**What is expected:** Reproduce, exactly, the lines of the material below from the line containing "Søjlerne i lufthavnens" through the line containing "han vil. Det", with both end lines included and nothing else.

**Records for the task:**
· · · · · · ·
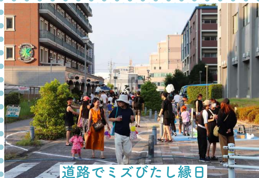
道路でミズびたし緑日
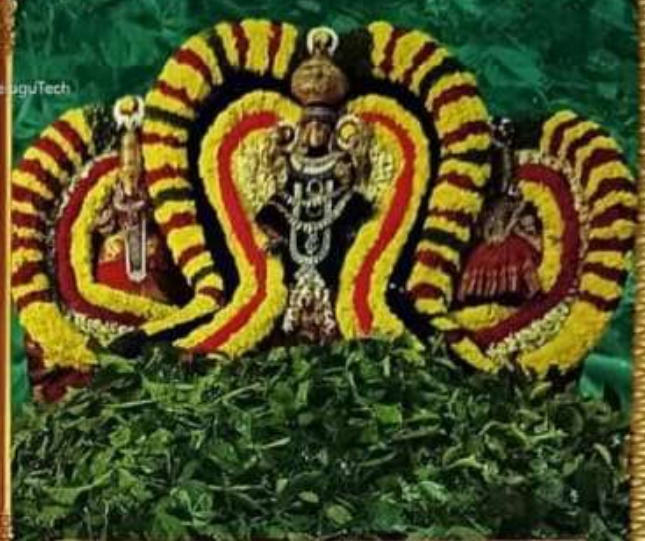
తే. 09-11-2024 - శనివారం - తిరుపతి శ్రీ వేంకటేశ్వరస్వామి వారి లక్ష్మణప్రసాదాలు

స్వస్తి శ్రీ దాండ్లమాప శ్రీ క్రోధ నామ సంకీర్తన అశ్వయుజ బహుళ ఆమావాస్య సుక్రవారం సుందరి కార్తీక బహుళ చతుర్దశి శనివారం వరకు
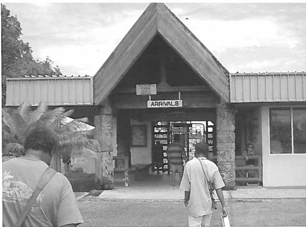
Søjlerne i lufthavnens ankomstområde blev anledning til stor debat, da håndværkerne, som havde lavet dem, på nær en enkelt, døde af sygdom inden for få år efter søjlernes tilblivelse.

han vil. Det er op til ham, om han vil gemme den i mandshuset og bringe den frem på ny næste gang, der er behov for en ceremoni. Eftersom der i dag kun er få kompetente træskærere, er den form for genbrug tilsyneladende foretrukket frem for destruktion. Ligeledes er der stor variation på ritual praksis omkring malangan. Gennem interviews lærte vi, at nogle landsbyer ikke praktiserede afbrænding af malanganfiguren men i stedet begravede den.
· · · · · · ·
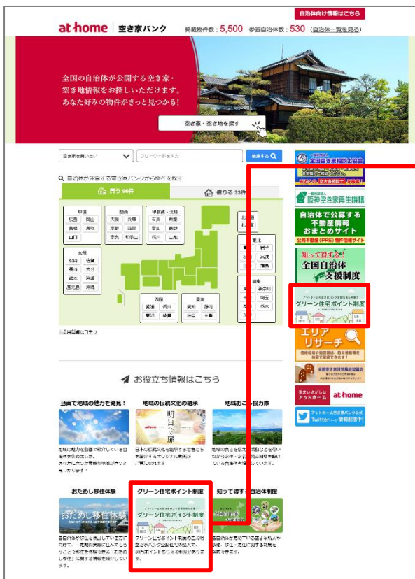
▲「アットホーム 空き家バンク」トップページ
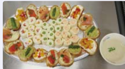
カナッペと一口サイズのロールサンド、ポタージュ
· · · · · · ·
**Response box:**
Søjlerne i lufthavnens ankomstområde blev anledning til stor debat, da håndværkerne, som havde lavet dem, på nær en enkelt, døde af sygdom inden for få år efter søjlernes tilblivelse.

han vil. Det er op til ham, om han vil gemme den i mandshuset og bringe den frem på ny næste gang, der er behov for en ceremoni. Eftersom der i dag kun er få kompetente træskærere, er den form for genbrug tilsyneladende foretrukket frem for destruktion. Ligeledes er der stor variation på ritual praksis omkring malangan. Gennem interviews lærte vi, at nogle landsbyer ikke praktiserede afbrænding af malanganfiguren men i stedet begravede den.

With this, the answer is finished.